Примеры микротопонимов: — субстратные топонимы: Унежма, Малошуйка, Нименьга, Ворзогоры (возможно, полукалька), Тапшеньга;

полукальки: Лейдручей, Кузручей, Видручей, Кушерека, Лидостров, Калозеро, Кочозеро;

детерминативы: Юдмовщина, Шунданец, Чуйнака, Надлемошье / Подлемощье; атрибутивы: ручей Подмогильный, ручей Белый, ручей Грязный, Попов ручей, Песчаный ручей, Пропащий ручей, Бабий ручей, Долгое озеро, Попов остров, озеро Морское, озеро Великое.

Немотивированные названия природных объектов, а также восходящие к ним названия социальных и хозяйственных объектов подвергаются окказиональной этимологической интерпретации. При этом «народная этимология» в процессе объяснения топонима реконструирует те же языковые механизмы нейминга, свойственные русской топонимике, которые мы видим при анализе топонимической системы антропологического компонента культурного ландшафта.

Реконструкция объективации пространственных отношений: Подлемошье — «большой, большой мох. И все сенокосы и пашни как бы подле моха» (ПМА Слепинин); «поля у самого мху» (ПМА Рогачева). Как уже было указано, утраченный микротопоним Надлемошье выявляет грамматический смысл префиксов под- и над-. Однако информант, интерпретируя только один элемент топонимической пары, реконструирует значение форманта «подле-» (т. е. рядом (со мхом, с болотом)). Причем такая реконструкция противоречит фонетическим языковым процессам, поскольку известно, что Щ возник из сочетания Ski, а на месте Х должен был бы образоваться Ш.

Реконструкция антропонимического основания топонима: Павловский бор в с. Ворзогоры — «бор, созданный Павлом Елисеевым», который «так и называется, хотя деревьев уже нет, может быть, когда-то были деревья» (ПМА Слепинин). При этом информант ориентируется на современное общерусское значение слова «бор» ('большой сосновый и еловый лес, растущий на сухом возвышенном месте' [20, с. 573]). Суффикс -ск- указывает на принадлежность хвойного леса некоему Павлу, который его создал (насадил?). Вместе с тем севернодиалектное «бор»

имеет также значение 'возвышенность, гора, обычно покрытая лесом', 'сухое возвышенное место в лесу или на болоте', где ключевым дифференциальным признаком, видимо, является рельеф местности [10]. Информант, реконструируя семантические связи по принципу происхождения и принадлежности объекта, выбирает в качестве основного признака лес как наиболее вероятный рукотворный элемент, но при этом вынужден объяснить его отсутствие в реальности.

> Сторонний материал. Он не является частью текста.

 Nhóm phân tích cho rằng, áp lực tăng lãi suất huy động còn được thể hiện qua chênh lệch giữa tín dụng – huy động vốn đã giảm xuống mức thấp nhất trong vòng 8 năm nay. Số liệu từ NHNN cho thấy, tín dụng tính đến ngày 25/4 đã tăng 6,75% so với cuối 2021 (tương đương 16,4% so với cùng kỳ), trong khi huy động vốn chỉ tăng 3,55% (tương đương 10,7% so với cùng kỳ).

Название мельницы в с. Кушерека — Калининская (суффикс -ск-) — также интерпретируется через семантику принадлежности: «называлась по фамилии владелицы (бабушки)» (ПМА Кучина) [17, с. 53].

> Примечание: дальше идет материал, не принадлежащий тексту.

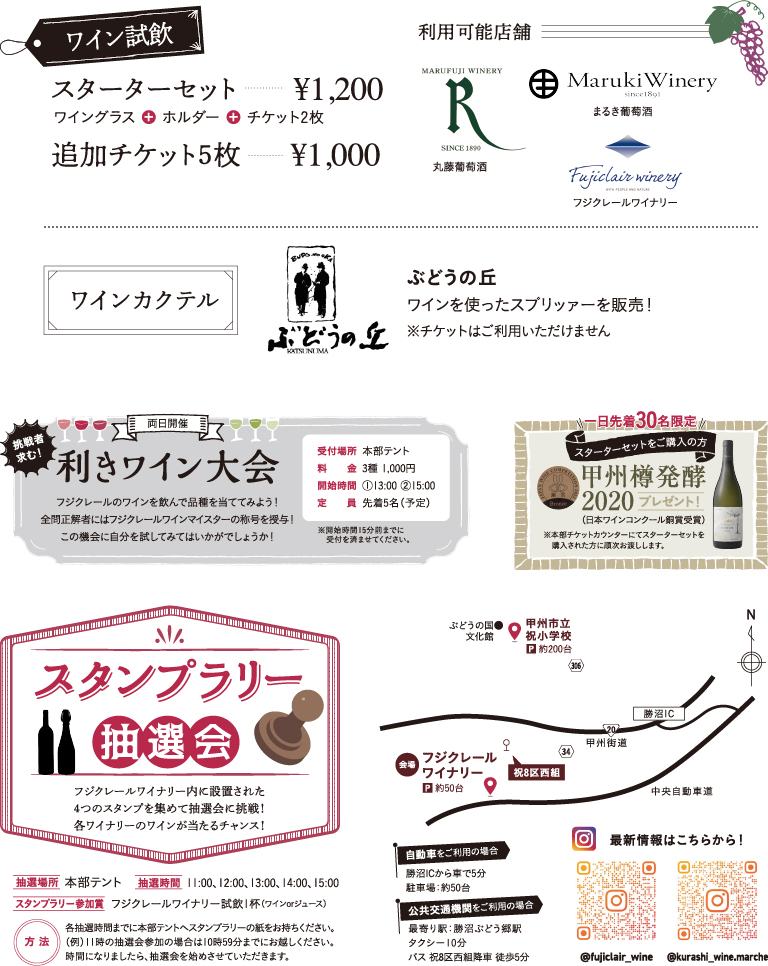 ワインは日常に彩を加えてくれる飲み物。同じように日常を豊かにするモノは私たちの生活に数多く存在します。今回はおいしいマルシェ!食べて飲んで買い物して!皆様の生活を彩るイベントになりますように。

Субстратный топоним Нименьга А. К. Матвеев возводит к двум грамматическим формам: прибалтийско-финской основе «нем-» / «ним-» ('мыс') и марийскому форманту «эн'ер» ('ручей, река') [14, с. 78; 15, с. 141]. Онимизация апеллятива (нарицательного имени) — это древнейший способ создания имен собственных. Однако топонимическое предание вновь реконструирует семантику происхождения поселения: «Первым в этих местах во времена Иоанна Грозного поселился немой человек. «Немыми» (немцами) называли всех, кто не говорил по-русски» [17, с. 125].

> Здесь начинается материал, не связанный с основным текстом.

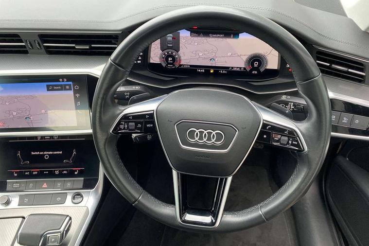 7" high resolution colour driver information display system, Audi connect safety and service (e-call), Audi connect with Amazon Alexa Integration, Audi drive select, Audi parking system plus - acoustic and visual park assist system for front and rear, Automatic start/stop system with coasting functionality, Bluetooth interface, Cruise control + speed limiter, Electric boot lid release, Lane departure warning system, Progressive steering, Rear view camera, Service interval indicator, Smartphone interface includes wireless Apple carplay/Android Auto, Voice control system, Standard suspension, Audi front music interface, Audi sound system, Auxiliary input socket, DAB Digital radio, USB connection, All weather LED headlights, Body colour bumpers, Body coloured door mirrors, Daytime running lights, Electric front/rear windows, Frameless auto dimming interior rear view mirror, Front intermittent wipers, Heat insulating darkened glass in side and rear windows, Heat insulating glass in windshield, LED rear lights, LED third brake light, Matt black rear diffuser with diffuser strip and tailpipes in chrome, Matt black side air intake grille with inlay in matt aluminium, Radiator grille in titanium black matt, single frame in chrome and horizontal struts in matt aluminium silver, Rain and light sensors, Rear boot, Rear side wing doors, 2 zone deluxe electronic climate control, 3 spoke high multi-function leather steering wheel with shift paddles, 4 way electric lumbar support for driver and front passenger, 40/20/40 split folding 3 rear seat bench in 3 parts with rear centre armrest, Black steering wheel insert, Centre armrest matches seat colour, Door sill trims with aluminium inlay, Front centre armrest, Front head restraints, Heated front seats, Height/reach adjust steering wheel, Illuminated sun visors with vanity mirrors, ISOFIX child seat mounting and Top Tether with front passenger airbag deactivation, Leather gear knob, Lunar silver cloth headlining, Rear headrests, Single front passenger seat, LED Interior Ambient Lighting Pack - A6, Non smoking pack - A6, Technology pack - A6, 3 point seatbelts on all seats, Airbags - Front side, front and rear including head, Audi pre-sense front, EBD - Electronic brakeforce distribution, Electromechanical parking brake, Electronic Stability Control (ESC) including ABS, ASR and EDL, Extended pedestrian protection measures, Manual child proof rear door locks, Seatbelt monitoring, Tyre pressure warning light, Warning triangle and first aid kit, Anti theft alarm with tow away protection, Anti-theft wheel bolts and wheel loosening detection, Immobiliser, Keyless Go, Remote central locking, Aluminium fragment inlay,

Широко распространенные на Русском Севере предания о первопоселенцах, давших по своим именам названия поселениям [11], актуализируют, прежде всего, антропонимические отношения в топонимической структуре Поморья.

Названия деревень Яковлевская и Кондратьевская в Ворзогорах интерпретируется в топонимическом предании: «...были когда-то в этих местах основатели деревень вор Яшка и разбойник Кондрашка» [17, с. 143], реконструируя семантические связи на основании происхождения объектов. Отсюда производится и топоним Ворзо-горы. Н. А. Криничная приводит следующее историческое предание, зафиксированное в 1868 г.: «...село Ворзогоры прежде будто бы называлось Ворогоры, по той причине, что первое заселение этого места начато "ворами", или паньками, "литовскими людьми и русскими изменщиками", которые основали здесь свой главный притон. Поселившись на высокой горе, эти "воры" могли видеть всякого плывущего по морю и по реке Онеге и едущего по дороге вдоль поморского берега и к селению Нименьге, брошенному в сторону от почтового тракта» [11, № 89]. Современные предания уточняют, что, возможно, у «Яшки» есть исторический прототип — литовский полковник Якуш, разбойничавший в этих местах в Смутное время начала XVII в. [17, с. 143].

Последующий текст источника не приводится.